COVID-19 numbers fall and recoveries surge, but the Middle East puzzle baffles

COVID-19: Two more test coronavirus positive in Kerala
Health Minister K K Shailaja

Thiruvananthapuram: Like a torn kite that has very nearly touched the ground but is still kept floating by the breeze, the daily tally of fresh COVID-19 cases in Kerala gives the impression of a contagion at its last gasp. On Sunday, quite in keeping with the low single digit figures in the previous days, only two have tested positive; one each in Kannur and Kasaragod.

And both are foreign returnees, one from Abu Dhabi and the other from Dubai. With these two positive cases, the total confirmed cases in Kerala has crossed the 400 mark; now it is 401.

On the other hand, recovery has continued its buoyant upswing. As has been the trend in the last eight days, recovery far outstripped the new cases on Sunday, too. On the day, 13 had recovered, more than six times the new cases declared. Now, 270 or nearly 68 per cent of the total confirmed cases have survived the virus.

Of the 13 who shrugged off the virus on Sunday, eight are in Kasaragod, bringing down the total active cases in the northernmost district to 46. This also brings the district, which had 169 confirmed cases, almost level with Kannur, which now has 45 active cases.

Kannur's recovery had been relatively slow. If eight Kasaragod patients had recovered on Sunday, only three had recovered in Kannur. If 73 per cent of the infected had recovered in Kasaragod, the recovery rate for Kannur is only 47 per cent.
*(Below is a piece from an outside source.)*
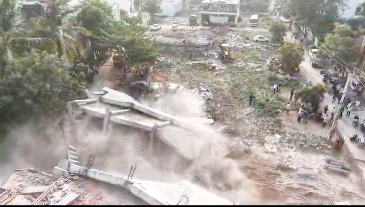 రంగారెడ్డి జిల్లా అత్తాపూర్ సర్కిల్ పరిధిలోని శాస్త్రీపురంలో హెచ్ఎండీఏ పార్కు స్థలాన్ని కబ్జా చేసి అక్రమ నిర్మాణాలు చేపట్టిన వాటిని హైడ్రా అధికారులు బుధవారం ఉదయం కూల్చివేశారు. సర్వే నెంబర్ 134/20లో 6500 గజాల హెచ్ఎండీఏ పార్కు స్థలానికి కేటాయించింది. కొన్నేండ్ల క్రితం ఈ స్థలంపై కన్నేసిన స్థానిక కబ్జారాయుళ్లు తప్పుడు పత్రాలు సృష్టించి ఆ పార్కు మొత్తం తమ ఆధీనంలోకి తీసుకున్నారు. కొద్ది రోజుల తర్వాత ప్లాట్లుగా విక్రయించి కోట్ల రూపాయలు సంపాదించారు. ఈ విషయాన్ని గతంలో తహసీల్దార్, ఆర్డీఓ దృష్టికి స్థానికులు తీసుకెళ్లినా రాజకీయ ఒత్తిళ్ల కారణంగా వారు ఏమీ చేయలేకపోయారు. అయితే ఇటీవల స్థానికులు హైడ్రా ప్రజావాణి కార్యక్ర మాల్లో పార్కుస్థలం కబ్జాకు గురైందని ఫిర్యాదు చేశారు. దాంతో రంగం లోకి దిగిన హైడ్రా అధికారులు క్షేత్రస్థాయిలో పర్యటించి తహసీల్దార్, ఆర్డీఓ అధికారులను సమన్వయం చేసి పూర్తిగా సర్వే చేయించారు. ఆ స్థలం హెచ్ఎండీఏ పార్కు స్థలంగా గుర్తించారు. దాంతో బుధవారం ఉదయం 4 గంటల నుంచి భారీ పోలీసు బందోబస్తు మధ్య ఆ పార్కు స్థలంలో నిర్మించిన నాలుగు భారీ భవనాలను జేసీబీల సాయంతో కూల్చివేశారు. కబ్జారాయుళ్ల నుంచి నిరసన, దాడులు జరిగే అవకాశం ఉండటంతో రాజేంద్రనగర్ డీసీపీ శ్రీనివాస్ ఆధ్వర్యంలో బందోబస్తు ఏర్పాటు చేశారు. నాలుగు జేసీబీల సాయంతో పార్కు స్థలంలో నిర్మించిన అన్ని కట్టడాలను కూల్చివేశారు. తర్వాత హైడ్రా ఆధ్వర్యంలో ఆ పార్కు చుట్టూ ఫినిషింగ్ ఏర్పాటు చేసి పార్కు స్థలం అని బోర్డు పెట్టారు. చాలా కాలం తర్వాత మళ్లీ పార్కు స్థలం తమకు కేటాయించినందుకు స్థానికులు హైడ్రా అధికారులకు కృతజ్ఞతలు తెలిపారు.

One each in Malappuram and Thrissur, too, had beaten back the virus. With the recovery recorded on Sunday, Thrissur becomes the third district in Kerala with zero COVID-19 cases; the district had 13 confirmed cases.

Middle East conundrum

Nonetheless, the continued emergence of positive cases among the quarantined foreign returnees has baffled health officials. Over 30 returnees have tested positive after April 7, the time when the WHO-prescribed maximum incubation period of the last person who landed in Kerala was supposed to end.
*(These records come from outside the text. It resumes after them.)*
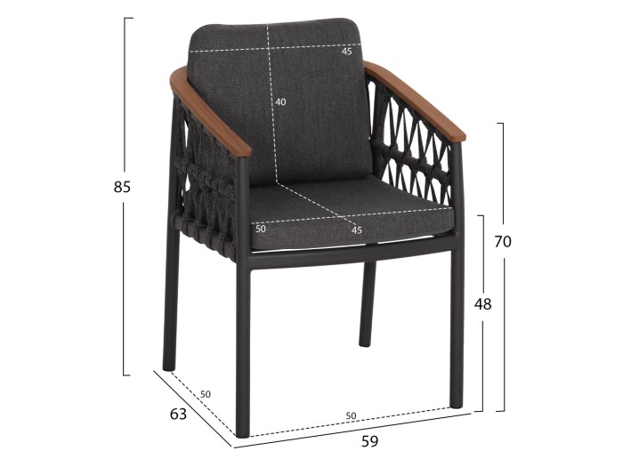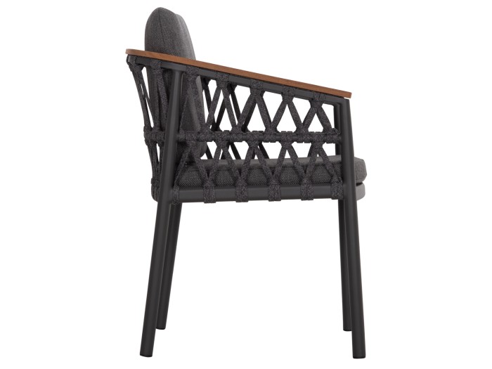 Ο αρμονικός συνδυασμός του σκούρου γκρι αλουμινίου, του strap σχοινιού και του ξύλου teak στα μπράτσα δημιουργεί ένα αποτέλεσμα διακριτικής πολυτέλειας που ταιριάζει σε κάθε μοντέρνο εξωτερικό χώρο.
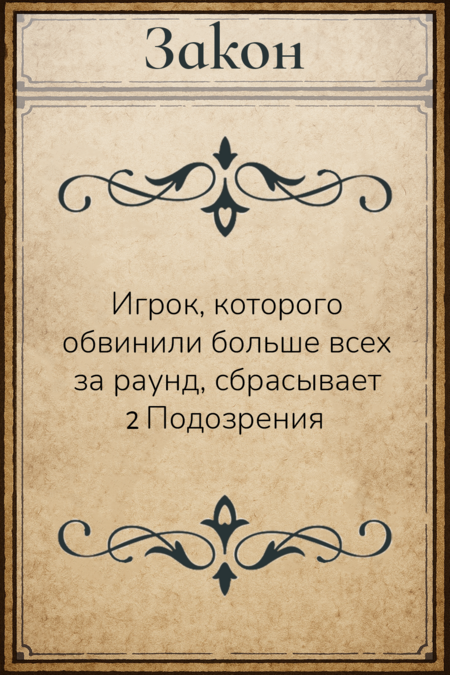 Ваша главная цель — набрать наименьшее количество фишек Подозрений, чтобы выжить. Вы начинаете с 5 фишек. Всего в игре 6 раундов.
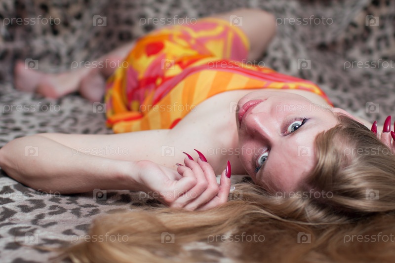 Соблазнительная женщина лежит на леопардовом покрывале
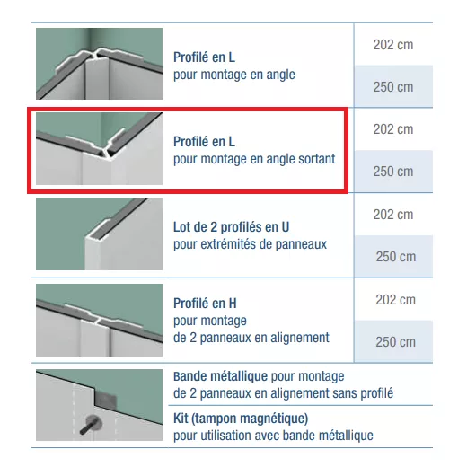 Accueil > Divers > Kinedo > Profilé en L Blanc pour montage Kinewall 250cm en angle sortant - KINEDO Réf. KINWALL250LSB
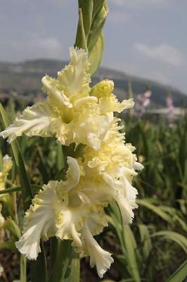 Гладиолус Белый и Пушистый. 410, с, Фотин. Кремовый с зеленоватой каемкой на внутренних лепестках, по краям лепестков сильная гофрировка. Высота 125 см. Кремовый с зеленоватой каёмкой на внутренних лепестках. Цветки размером 12 см. Гофрировка очень сильная. В соцветии может быть 7 одновременно открытых цветков из 23. Срок цветения средний.
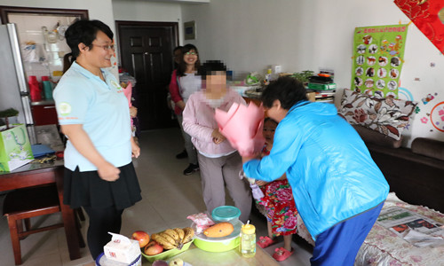5月12日早上,槐荫“新映象”项目组社工与社区工作人员带着鲜花采用入户访问的方式,为隐蔽长者母亲们送去节日的祝福。德裕家园的刘阿姨(化名),女儿因为小时疾病致残,一直照顾女儿无暇他顾。经过社工的一番努力,当刘阿姨接过女儿递过来的鲜花时,她说:“照顾孩子几十年第一次收到孩子亲手送的花,真的很感动”。

Officially, health officials have put up a brave front. "These people are not in the least infective, and are mostly asymptomatic. It is not a matter of worry," top experts Onmanorama talked to said.

However, two returnees based in Kozhikode's Edacherry who had tested positive after 27 and 28 days of their return had infected their entire families. Health experts now say that prolonged incubation period is also a sign that the viral load is negligible. Nonetheless, they have no convincing answer to the Edacherry factor. “I should be considered highly rare,” is what a top official said.

Re-prioritise testing

Even then some experts with the Health Department feel that all foreign returnees in quarantine should have been tested after they had completed 14 days in quarantine whether symptomatic or not. "It is still not too late. We now have 55,590 people under surveillance. At least 10 per cent of them would be foreign returnees. Let us test them on an emergency basis and, if they are found infected, we can swiftly isolate them in hospitals and quarantine their immediate contacts and test them," another top health official said.

Nonetheless, the current pattern of testing is a major hindrance. "Now we do a lot of tests on those admitted in hospitals. The ICMR protocol is that two back to back tests should show negative for a person to be discharged. This is both a waste of time and resources," the official said. “We should use the tests more on quarantined people than those in hospitals who have freed of their symptoms,” he added.

Home freedom

The quality of home quarantine is another matter of concern. Many of the foreign returnees, it has been found, mingle quite freely with their family members. The Health Department has specified that a person under home quarantine should have a bath-attached room and is not supposed to come out of that room. This is followed mostly in the breach.


"In some cases it has also been found that these returnees had started going out after 14 days, unaware that their quarantine period is 28 days," the health official said.